#### [Supplied information]

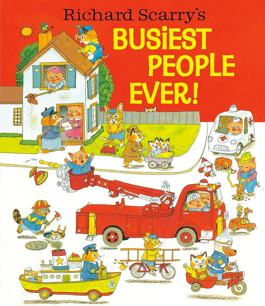 Back in print after twenty years! Now readers can once again follow all the busy people who keep Busytown running smoothly. Everyone’s favorite friends are there: Huckle Cat, Lowly Worm, Sergeant Murphy, bumbling Mr. Frumble, and more. Preschoolers learning about their communities will enjoy seeing the inner workings of a farm, the harbor, the airport, and even the busy Cat household! This classic book, from the one and only Richard Scarry, will bring hours of fun to a whole new generation.
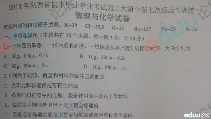 2014西工大附中第七次模拟考试理化试卷 2014-05-20 14:57:26重_楼 试题下载入口: 2014西工大附中第七次模拟考试理化试卷 【查看原帖并参与讨论:2014西工大附中第七次模拟考试理化试卷】
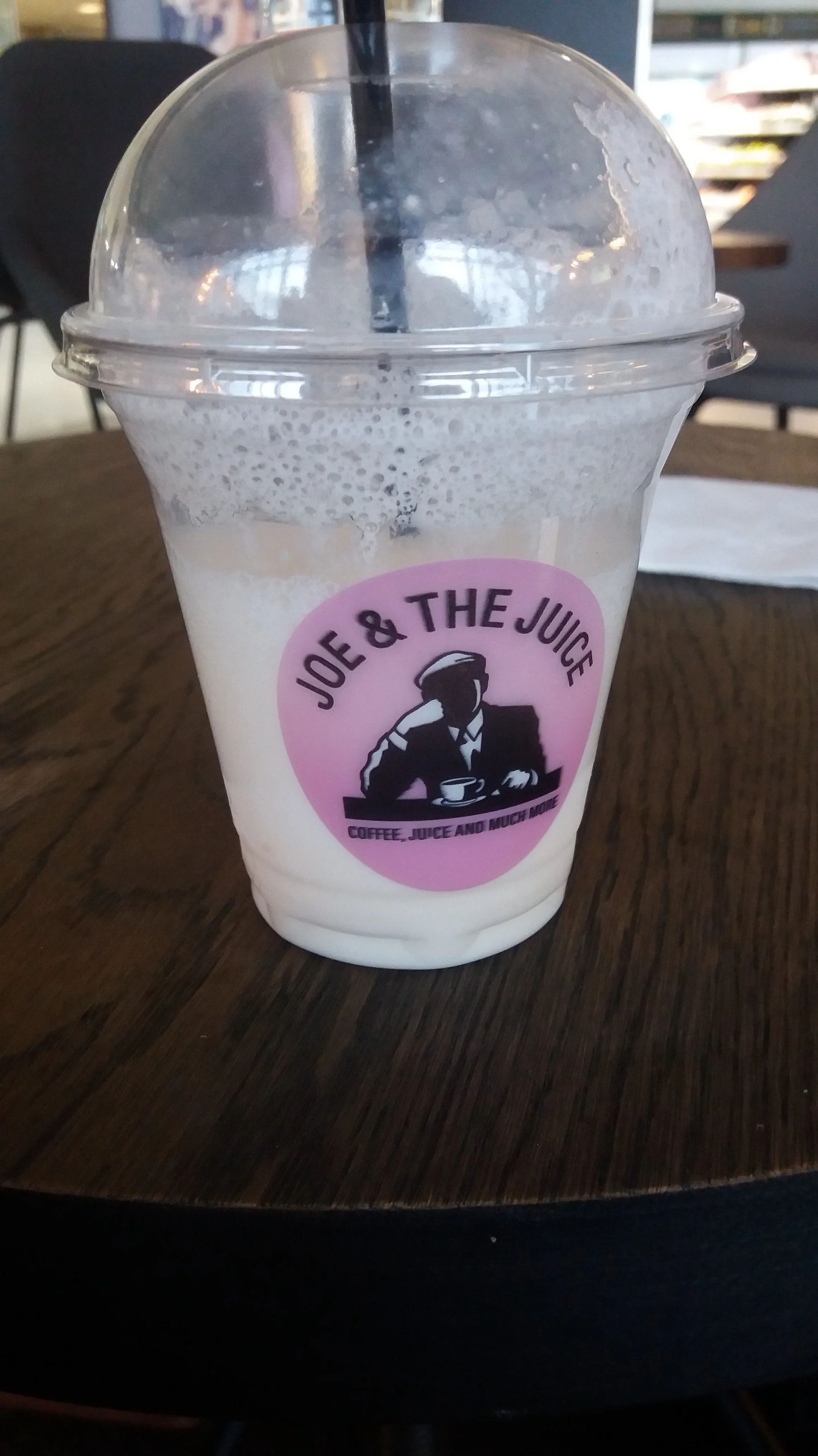 You usually say the mandatory travel beer, it is a little early for that. I say travel smoothly instead! Really good! Organic lemon and vanilla milk 😛
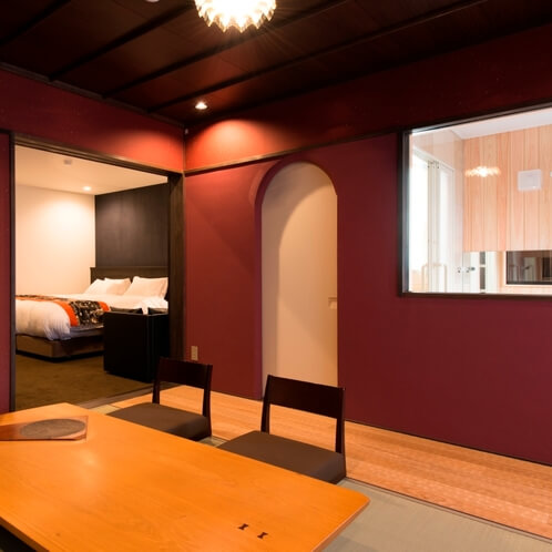 - 紅梅(Koubai)/ 101号室: * 特徴: 敷地内で最も広い約53㎡のフラットな和洋室。網代天井の玄関から始まり、キングサイズのダブルベッドと、ゲストの宿泊も可能な和室、そして専用の奥庭に面した露天風呂を完備しています。

#### [Problem]
The line with "You usually say" and each line after it, through the final line of the data, are to be duplicated exactly, with pictures left out and nothing more included.

#### [Written response]
 You usually say the mandatory travel beer, it is a little early for that. I say travel smoothly instead! Really good! Organic lemon and vanilla milk 😛
 - 紅梅(Koubai)/ 101号室: * 特徴: 敷地内で最も広い約53㎡のフラットな和洋室。網代天井の玄関から始まり、キングサイズのダブルベッドと、ゲストの宿泊も可能な和室、そして専用の奥庭に面した露天風呂を完備しています。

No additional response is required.